▶ [Problem to work on]
Among the lines of the listing below, retype exactly those from the one containing "Община Силистра, литературното" through the one containing "曲谱介绍: 李雨《梦画》吉他", both included. Do not include pictures.
^^^^^^^^^^^^^^^^
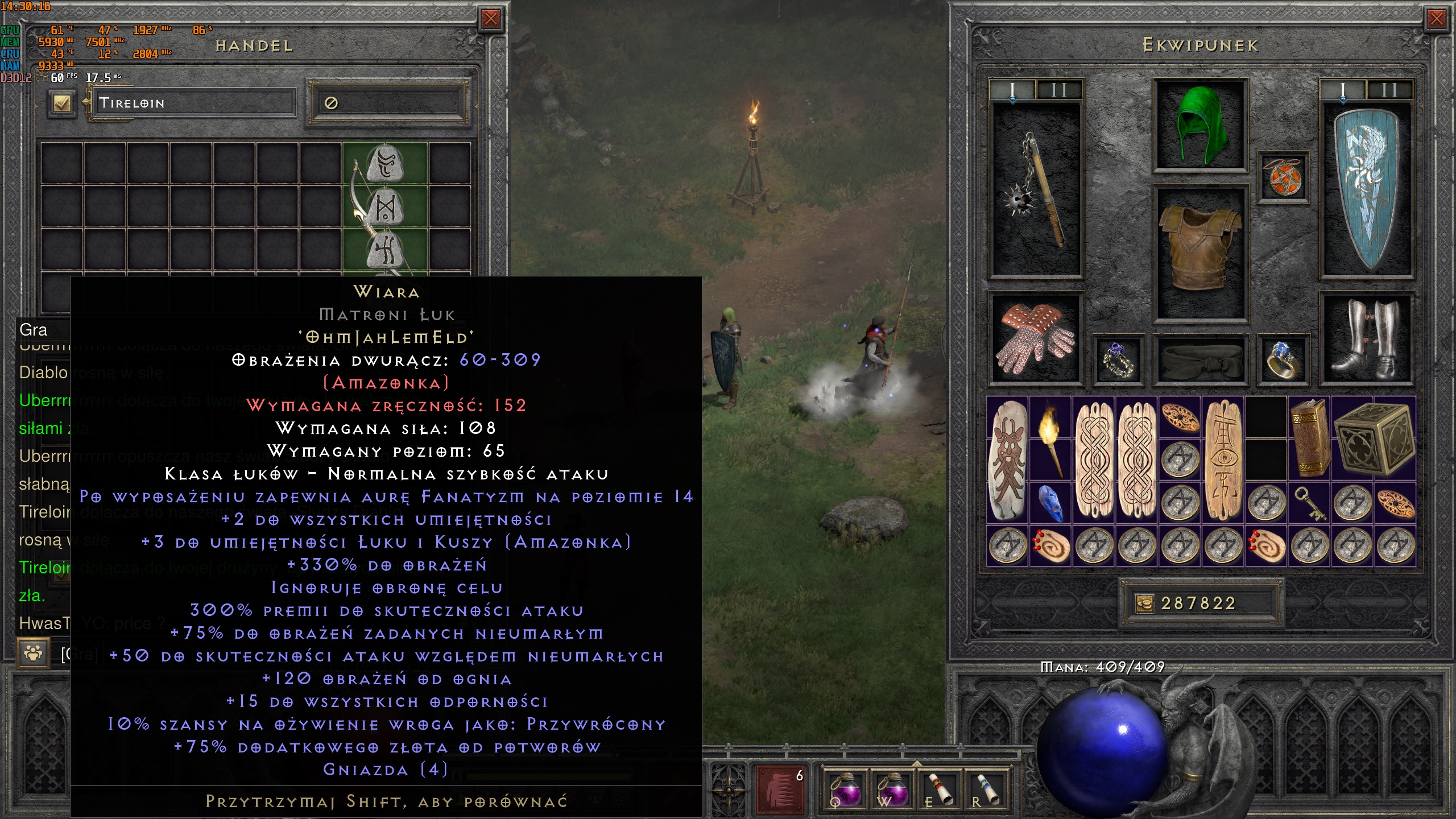 Thats main part of story: I decide to buy Faith to my "In build Bow-amazon" (almost all rest stuff are collect from long time - no Coronet ,with jews ,and Faith for merc only.) i have 43 on this char from half year but i try go thru leveling from 2 days and i make progress i have 43
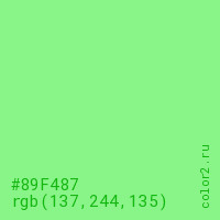 Цвет #89F487 в цветовой модели RGB обозначается тремя октетами (137, 244, 135) в десятичном формате и #89F487 в шестнадцатиричном (hex) формате, которые являются интенсивностью красного 137 (hex 89), интенсивность зелёного 244 (hex F4) и интенсивность синего 135 (hex 87).
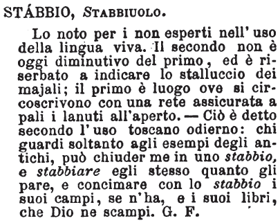 Stabbio, Stabbiuolo - Lo noto per i non esperti nell'uso della lingua viva. Il secondo non è oggi diminutivo del primo, ed è riserbato a indicare lo stalluccio dei majali; il primo è luogo ove si circoscrivono con una rete assicurata a pali i lanuti all'aperto. - Ciò è detto secondo l'uso toscano odierno: chi guardi soltanto agli esempi degli antichi, può chiuder me in uno stabbio, e stabbiare egli stesso quanto gli pare, e concimare con lo stabbio i suoi campi, se n'ha, e i suoi libri, che Dio ne scampi. G. F. [immagine]
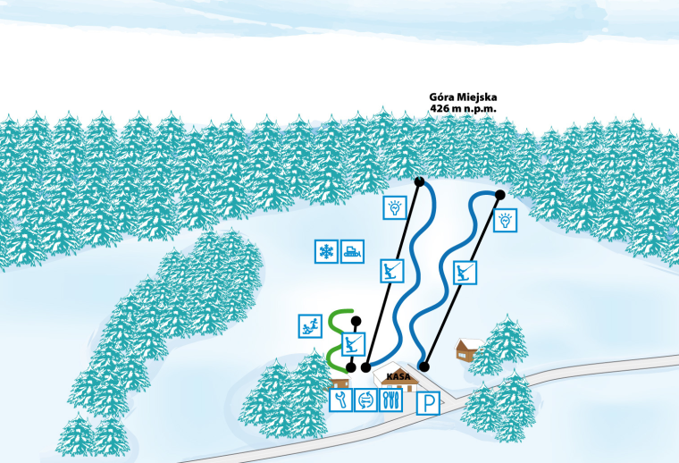 - „oślą łączkę” dla osób stawiających pierwsze kroki na nartach,
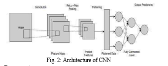 After convolution, an activation function like ReLU (Rectified Linear Unit) is applied element by element to the network to introduce non-linearity. CNNs may learn intricate correlations in the data by doing this. By down sampling, pooling layers decrease the spatial dimensions of the feature maps. For example, max- pooling reduces computing complexity while preserving the most significant information by choosing the maximum value within a small region. CNNs usually consist of one or more fully connected layers following a number of convolutional and pooling layers. These layers carry out conventional neural network functions and flatten the high-dimensional feature maps into a vector. It is their duty to forecast the future based on the features that have been retrieved.
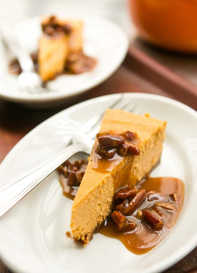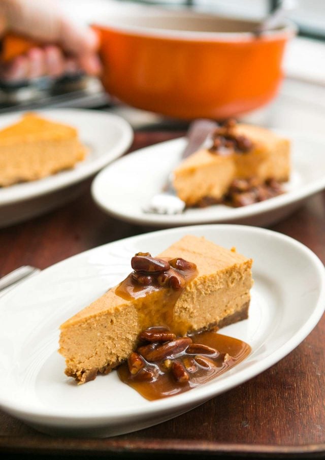 To get that last image out of your mind, I present pumpkin cheesecake with a pecan praline sauce, that has nothing not to like about it. Cream cheese and sour cream, a buttery cookie crust, and a brown sugar and bourbon-tinged sauce loaded with crunchy pecans. I’m in.
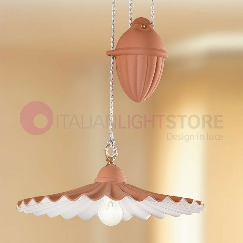 Lampada a sospesione con saliscendi in ceramica terracotta con diffusore ondulato d.43. Lampadario a sospensione con saliscendi in ceramica terracotta, ideale per l'illuminazione della cucina o del tavolo da pranzo, collezione Cortona di Ceramiche Borso . La lampada ha elementi in ceramica terracotta lavorata a mano ;
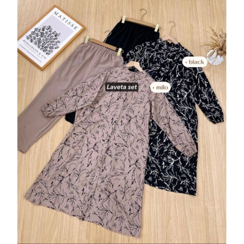 LAVETA SET TUNIK Setelan Tunik Terbaru Wanita Kekinian Setelan Tunik Adem Rayon Premium Grade A Set Long Tunik Wanita Muslimah Terbaru Busui Friendly
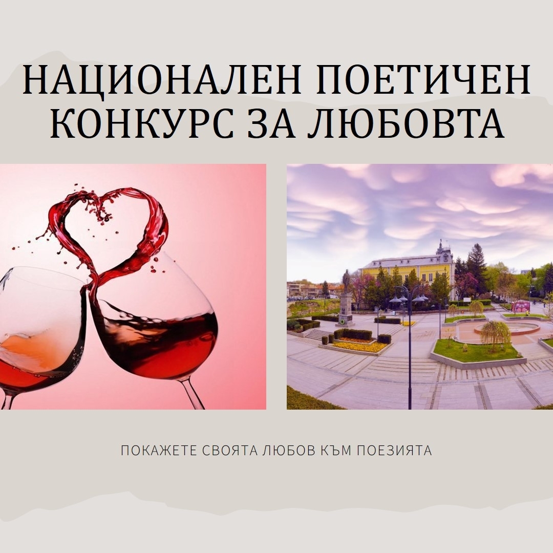 Община Силистра, литературното сдружение "Реката и приятели" и Регионална библиотека "Партений Павлович" обявяват 23-ти Национален поетичен конкурс "Любовта е пиянство или пиянство от любов".
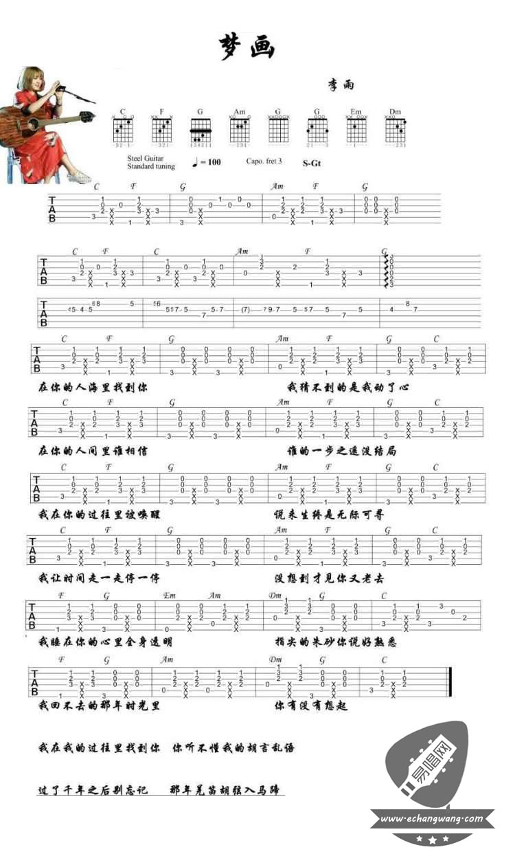 曲谱介绍: 李雨《梦画》吉他弹唱谱,采用C调指法编配,易唱网编配出品,共有1张高清图谱,免翻页排版设计。
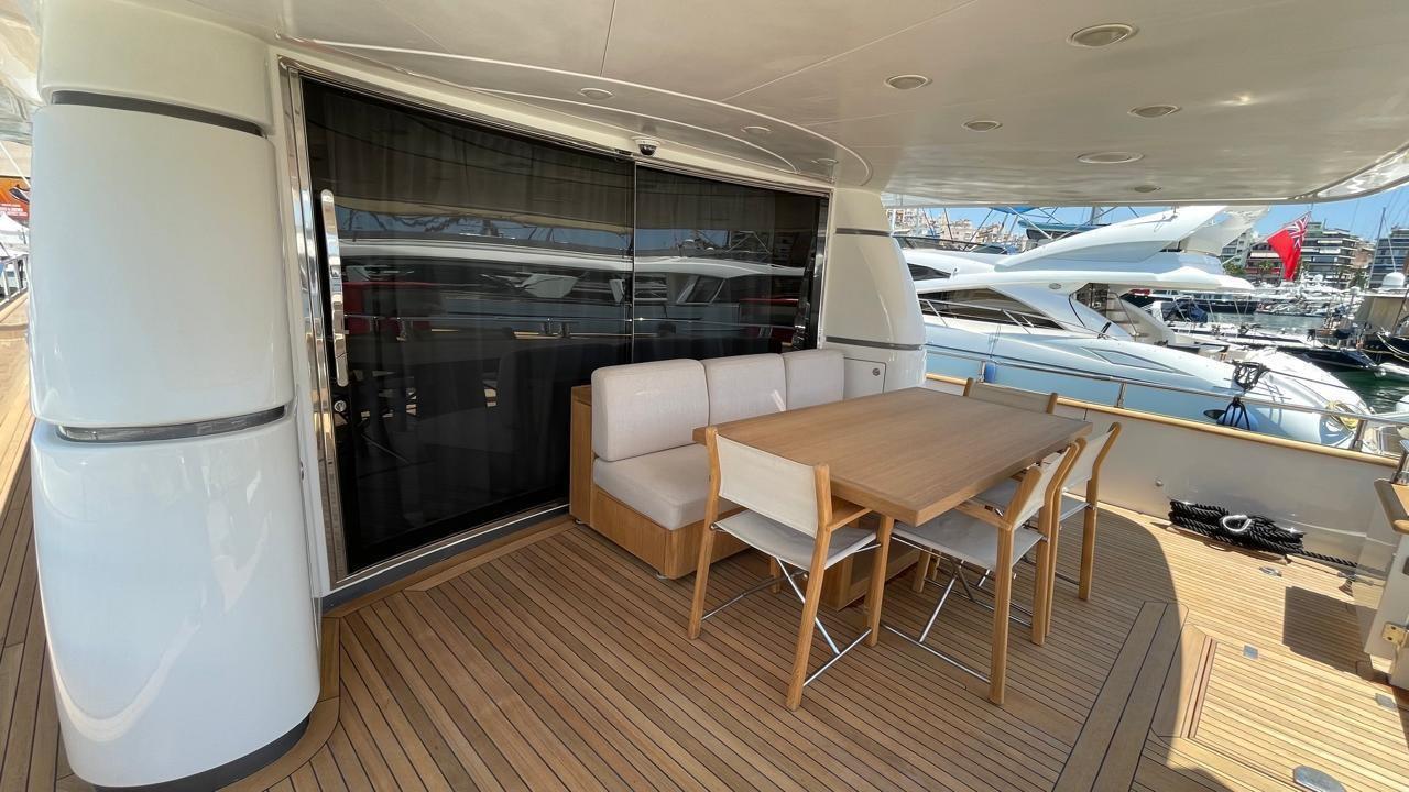 Allarme motore, Allarme sentina, Autoclave, Bocche di Lupa, Camminamenti laterali in teak, Doccia esterna, Doppia timoneria, Faro orientabile, Flap idraulici, Gruette per tender su fly, Impianto antincendio, Indicatori Flaps, Luci di cortesia, Luci subacquee, Passerella, Piattaforma, Ponte in teak, Porta ingresso, Porta laterale, Pozzetto Teak, Presa 220V banchina, Presa acqua banchina, Rollbar, Salpa Ancore Elettrico, Scaletta da bagno, Selle per Tender, Tavolo pozzetto, Tender, Tromba, Winch tonneggio di poppa.
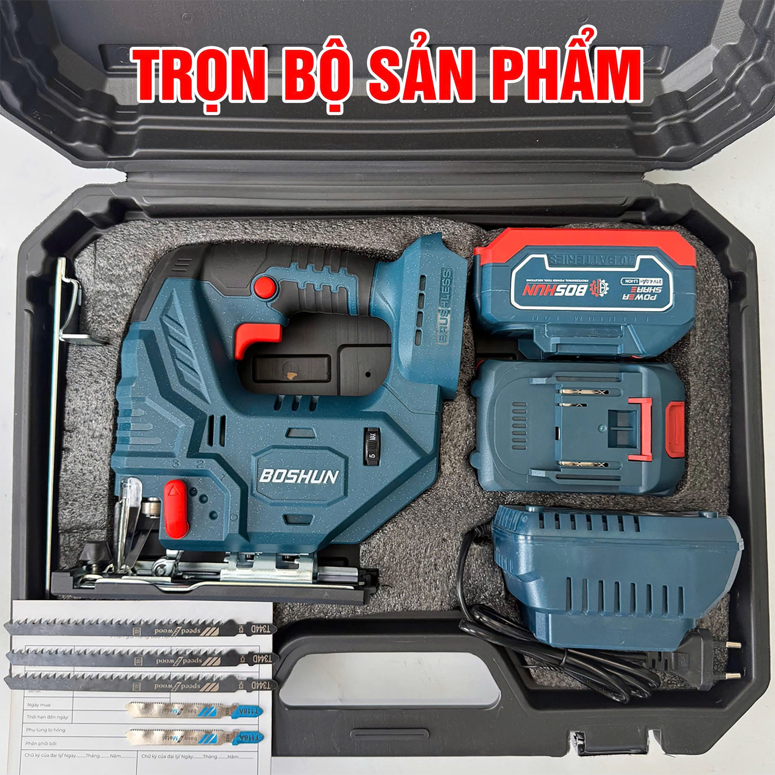 Tặng ngay 5 lưỡi cưa đa năng kho mua máy cưa lọng pin Boshun giúp cưa gỗ, cắt săt, cắt nhựa,…
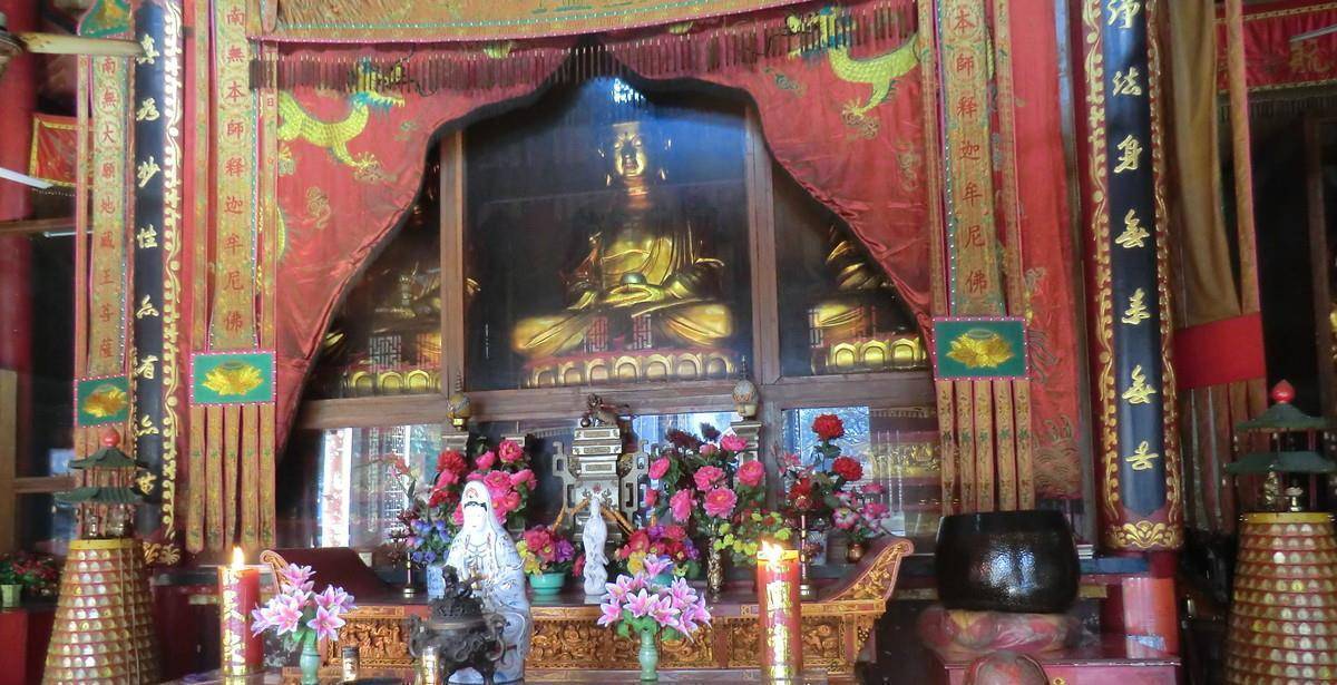 进入寺庙之后,西来寺的主体建筑大雄宝殿是根据史料上的记载重新修建的,与之前的建筑风格几乎一致,整体的颜色以红色为主,大殿内供奉着彩色的三世佛,两侧是十八罗汉,殿内所有的雕像都是木质的塑像,雕工精美,造型丰富。在大殿顶部的飘檐上雕刻的是佛教的吉祥物,在大雄宝殿前方还新增了香座,是铁质用具。
^^^^^^^^^^^^^^^^
▶ [Output of the task]
 Община Силистра, литературното сдружение "Реката и приятели" и Регионална библиотека "Партений Павлович" обявяват 23-ти Национален поетичен конкурс "Любовта е пиянство или пиянство от любов".
 曲谱介绍: 李雨《梦画》吉他弹唱谱,采用C调指法编配,易唱网编配出品,共有1张高清图谱,免翻页排版设计。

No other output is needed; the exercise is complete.